Work to complete: Report every line of the listing below in which the string "they" appears.

Input data:

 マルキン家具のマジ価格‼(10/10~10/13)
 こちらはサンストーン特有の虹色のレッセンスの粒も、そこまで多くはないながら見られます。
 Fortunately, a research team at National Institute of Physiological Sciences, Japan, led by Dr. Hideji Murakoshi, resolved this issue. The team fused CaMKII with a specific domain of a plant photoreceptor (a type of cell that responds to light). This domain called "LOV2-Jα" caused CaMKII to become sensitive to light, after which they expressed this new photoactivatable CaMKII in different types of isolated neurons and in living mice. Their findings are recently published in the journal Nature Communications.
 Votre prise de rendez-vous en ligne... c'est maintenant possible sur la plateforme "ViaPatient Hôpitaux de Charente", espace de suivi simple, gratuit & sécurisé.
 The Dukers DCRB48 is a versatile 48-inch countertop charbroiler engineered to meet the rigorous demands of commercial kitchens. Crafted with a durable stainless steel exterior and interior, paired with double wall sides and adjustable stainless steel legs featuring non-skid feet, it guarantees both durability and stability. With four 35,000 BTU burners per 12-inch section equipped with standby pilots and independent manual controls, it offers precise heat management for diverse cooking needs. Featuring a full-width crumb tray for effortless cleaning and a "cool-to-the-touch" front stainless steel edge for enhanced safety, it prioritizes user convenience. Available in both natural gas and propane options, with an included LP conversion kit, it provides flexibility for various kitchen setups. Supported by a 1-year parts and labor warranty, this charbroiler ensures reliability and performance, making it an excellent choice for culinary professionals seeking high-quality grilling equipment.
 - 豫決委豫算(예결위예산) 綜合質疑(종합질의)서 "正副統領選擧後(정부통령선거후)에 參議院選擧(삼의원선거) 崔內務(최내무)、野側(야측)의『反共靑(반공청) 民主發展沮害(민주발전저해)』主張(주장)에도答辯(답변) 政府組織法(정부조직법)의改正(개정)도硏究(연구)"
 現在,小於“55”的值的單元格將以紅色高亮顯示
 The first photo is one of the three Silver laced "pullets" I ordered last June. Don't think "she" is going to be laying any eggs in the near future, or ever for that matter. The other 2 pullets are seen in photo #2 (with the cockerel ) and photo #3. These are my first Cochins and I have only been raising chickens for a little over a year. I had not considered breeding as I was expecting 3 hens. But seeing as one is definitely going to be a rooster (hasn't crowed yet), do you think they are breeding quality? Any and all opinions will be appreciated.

Response to the task:
 Fortunately, a research team at National Institute of Physiological Sciences, Japan, led by Dr. Hideji Murakoshi, resolved this issue. The team fused CaMKII with a specific domain of a plant photoreceptor (a type of cell that responds to light). This domain called "LOV2-Jα" caused CaMKII to become sensitive to light, after which they expressed this new photoactivatable CaMKII in different types of isolated neurons and in living mice. Their findings are recently published in the journal Nature Communications.
 The first photo is one of the three Silver laced "pullets" I ordered last June. Don't think "she" is going to be laying any eggs in the near future, or ever for that matter. The other 2 pullets are seen in photo #2 (with the cockerel ) and photo #3. These are my first Cochins and I have only been raising chickens for a little over a year. I had not considered breeding as I was expecting 3 hens. But seeing as one is definitely going to be a rooster (hasn't crowed yet), do you think they are breeding quality? Any and all opinions will be appreciated.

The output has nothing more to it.